The offering, sale, issuance and delivery of the Subscribed Shares by the Corporation to the Investor are exempt from the prospectus requirements of Canadian Securities Laws and no filings, proceedings, approvals, consents or authorizations are required to be made, taken or obtained by the Corporation with or from any Securities Commission pursuant to Canadian Securities Laws to permit the issuance and sale of the Subscribed Shares by the Corporation to the Investor, other than the filing, within 10 days from the closing of the Private Placement, of a report on Form 45-106F1, as prescribed by National Instrument 45-106Prospectus Exemptions, prepared and executed in accordance with Canadian Securities Laws, together with the requisite filing fees (the “Exempt Distribution Report”).


10.

The first trade by the Investor of the Subscribed Shares will be a distribution and will be subject to the prospectus requirements of Canadian Securities Laws unless at the time of such trade at least four months have elapsed from the “distribution date” (as defined in National Instrument 45-102—Resale of Securities (“NI 45-102”)) of the Subscribed Shares and all other conditions provided for in Section 2.5(2) of NI 45-102 are fully complied with, subject to standard qualifications.

 

11.

The TSX has conditionally approved the listing and posting for trading of the Subscribed Shares, subject to compliance with the conditions outlined in the conditional approval letter of the TSX.

 

12.

Computershare Trust Company of Canada has been duly appointed as transfer agent and registrar for the Common Shares.


SCHEDULE B – 2

Legal Opinions – U.S.

 

1.

Each Material Subsidiary that is governed by the laws of a jurisdiction in the United States is a validly existing corporation under the General Corporation Law of the State of Delaware.


SCHEDULE C

Use of Proceeds

We intend to use the net proceeds from the Offering and the Concurrent Private Placement for general corporate purposes, which may include funding future potential acquisition and growth opportunities, including the funding of the Acquisition (see “Recent Developments”).
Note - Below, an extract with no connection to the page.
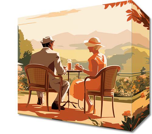 Obraz z serii abstrakcja zatytułowany Retro Randka, który przenosi nas w czasie do epoki art déco, gdzie elegancka para delektuje się popołudniową herbatą w zaciszu kwitnącego ogrodu. Ciepłe odcienie zachodzącego słońca tworzą romantyczną atmosferę, a stylizowana grafika podkreśla elegancję i wyrafinowanie epoki. Sylwetki postaci w modnych strojach tamtych lat oddają ducha minionych, beztroskich dni. Tło z rozległym widokiem na pagórkowate pejzaże i subtelnie zarysowane rośliny dodaje kompozycji głębi i spokoju. Ten obraz jest idealnym akcentem dla wnętrz inspirowanych vintage, dodając im klasy i nostalgii za światem sprzed lat.
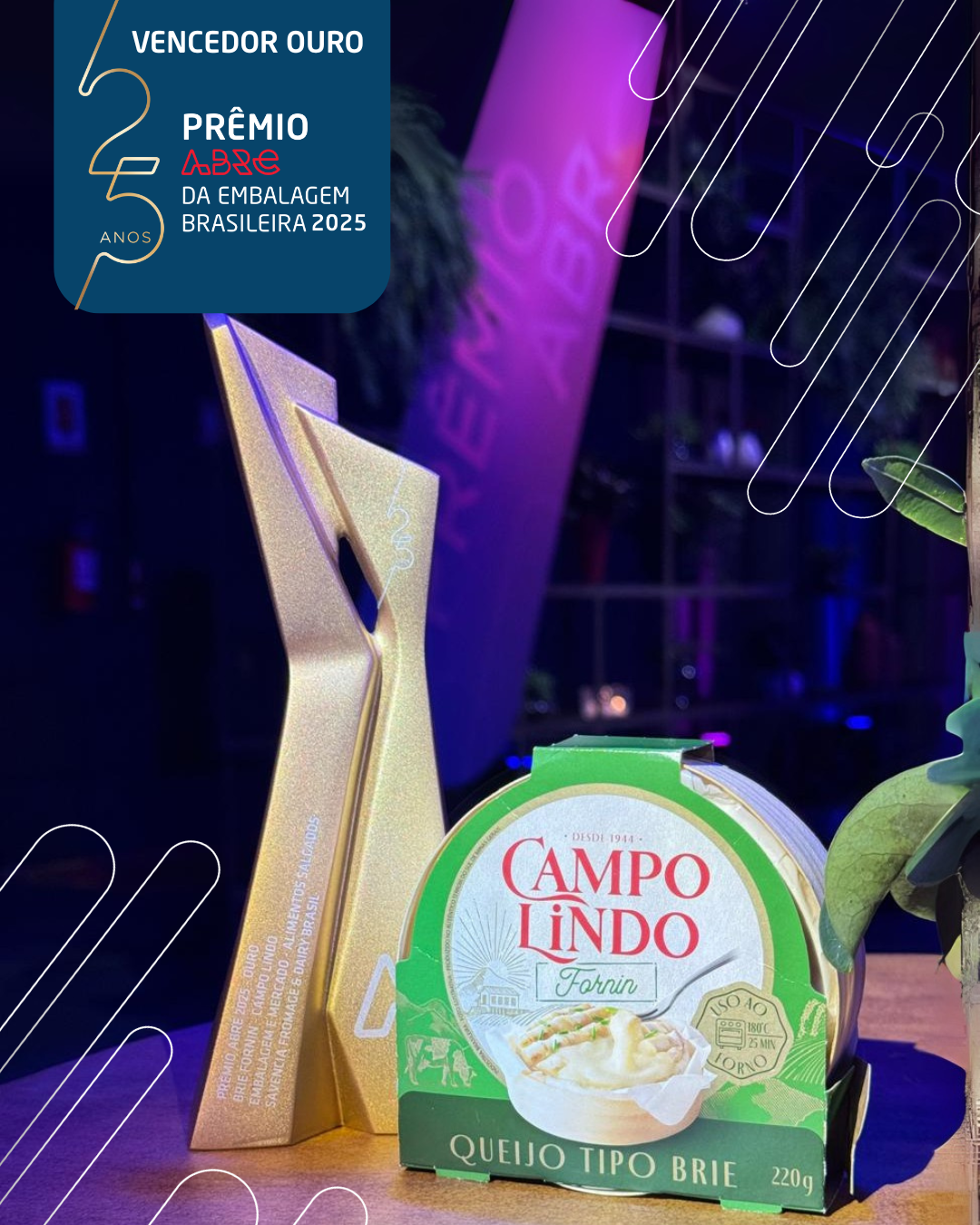 O Brie Fornin da Campo Lindo conquistou o troféu de ouro graças à sua embalagem exclusiva, composta por aro de madeira e papel resistente ao calor, desenvolvida para ir diretamente ao forno ou à air fryer. Trata-se do primeiro brie brasileiro criado para esse tipo de preparo, combinando praticidade, conveniência e uma experiência gastronômica diferenciada.

As a result of the fact that we operate in a dynamic and rapidly-evolving market, we do not believe we can provide the approximate amounts of the proceeds that will be allocated to each of these purposes with certainty. As such, we have not specifically allocated the net proceeds amongst these purposes as at the date of this Prospectus Supplement. Such decisions will depend on market and competitive factors, as they evolve over time. Pending their use, we intend to invest the net proceeds from the Offering and the Concurrent Private Placement in short-term, investment grade, interest bearing instruments or hold them as cash or cash equivalents, and repay a portion (initially in an aggregate amount of US$● million, which includes amounts drawn to fund the Acquisition) of the indebtedness outstanding under one or more of the Company’s Senior Credit Agreements (as defined herein).